[EXERCISE DATA Boundary: Start]

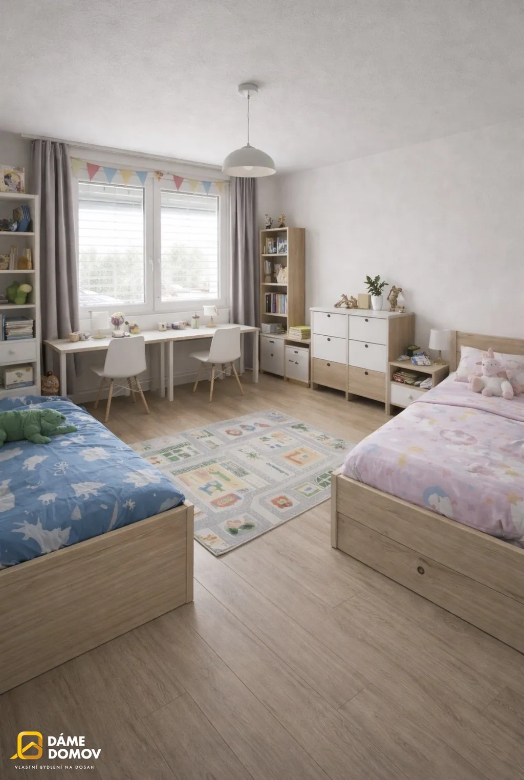 Byt je velmi dobře dispozičně řešený a nabízí minimum nevyužitých ploch. Obývací pokoj je nadstandardně prostorný a bez problémů pojme sedací soupravu, jídelní kout i další nábytek. Stejně tak dětský pokoj je velmi velkorysý, vhodný i pro dvě děti nebo kombinaci spaní a pracovního prostoru. Ložnice je menší, ale i přesto velmi komfortní – umožňuje umístění velké manželské postele i šatních skříní s dostatkem úložného prostoru.
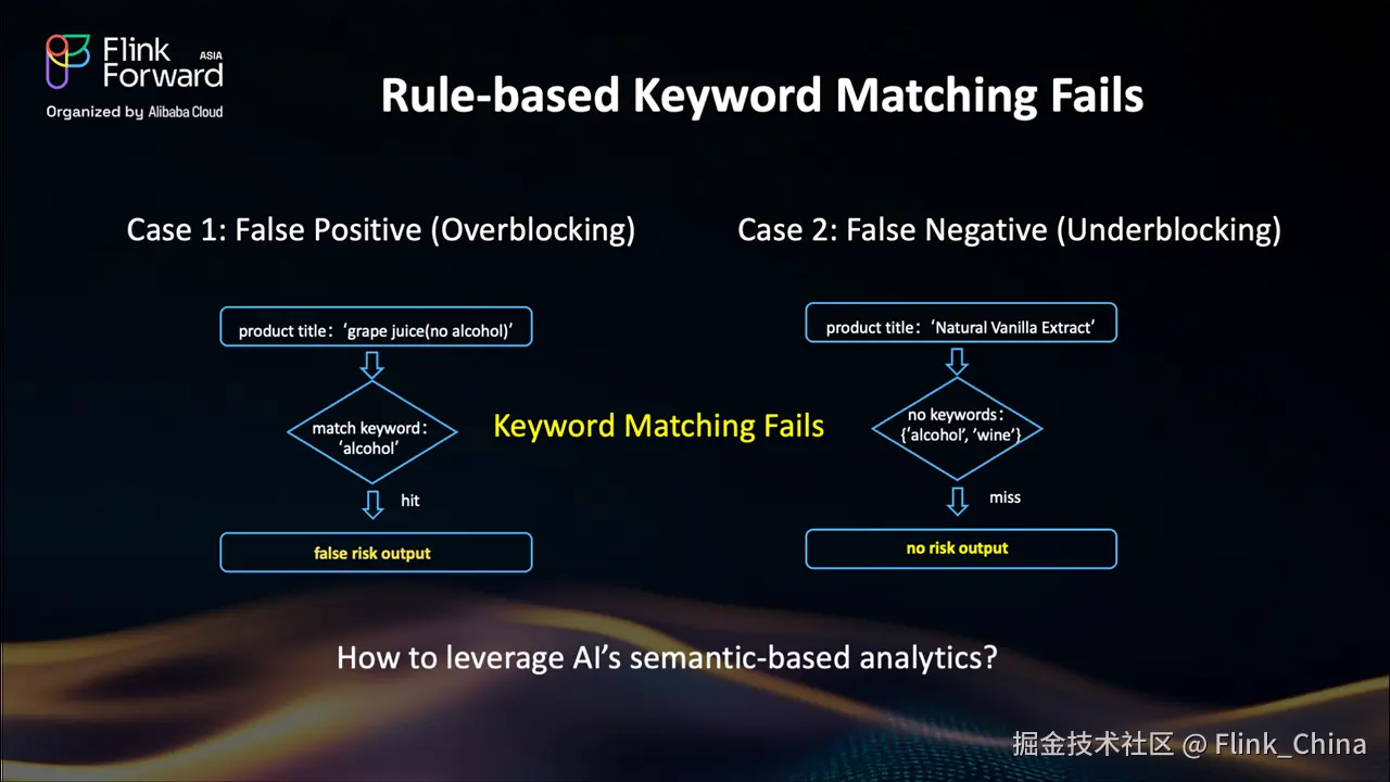 想象一个标题为"葡萄汁(无酒精)"的产品。关键词"酒精"触发了规则,系统将其标记为风险。但它明确说了"无酒精"!这是一个误报——我们阻拦了一个安全的产品,浪费了人工审核时间,并可能导致客户不满。
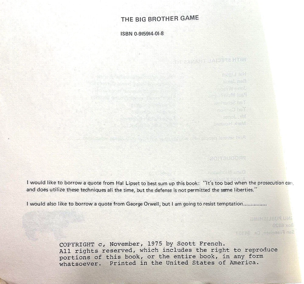 This trade paperback from titled The Big Brother Game by Scott French is a vintage first edition first printing publication. It contains 240 pages and covers topics related to privacy, intelligence, and espionage. The book is written in English and published by GNU Publishing in the United States.It is a must-read for those interested in law and political science genres. This book is in fair condition with wrinkles, staining and minor tears on the cover. There is also some staining on the last page. (see pics) Pages are in good shape with no marks or writing. Thank you

[EXERCISE DATA Boundary: End]

**WHAT TO DO:** Retype each line above precisely, please. Skip anything that is a picture.

**OUTPUT FOR THIS EXERCISE:**
 Byt je velmi dobře dispozičně řešený a nabízí minimum nevyužitých ploch. Obývací pokoj je nadstandardně prostorný a bez problémů pojme sedací soupravu, jídelní kout i další nábytek. Stejně tak dětský pokoj je velmi velkorysý, vhodný i pro dvě děti nebo kombinaci spaní a pracovního prostoru. Ložnice je menší, ale i přesto velmi komfortní – umožňuje umístění velké manželské postele i šatních skříní s dostatkem úložného prostoru.
 想象一个标题为"葡萄汁(无酒精)"的产品。关键词"酒精"触发了规则,系统将其标记为风险。但它明确说了"无酒精"!这是一个误报——我们阻拦了一个安全的产品,浪费了人工审核时间,并可能导致客户不满。
 This trade paperback from titled The Big Brother Game by Scott French is a vintage first edition first printing publication. It contains 240 pages and covers topics related to privacy, intelligence, and espionage. The book is written in English and published by GNU Publishing in the United States.It is a must-read for those interested in law and political science genres. This book is in fair condition with wrinkles, staining and minor tears on the cover. There is also some staining on the last page. (see pics) Pages are in good shape with no marks or writing. Thank you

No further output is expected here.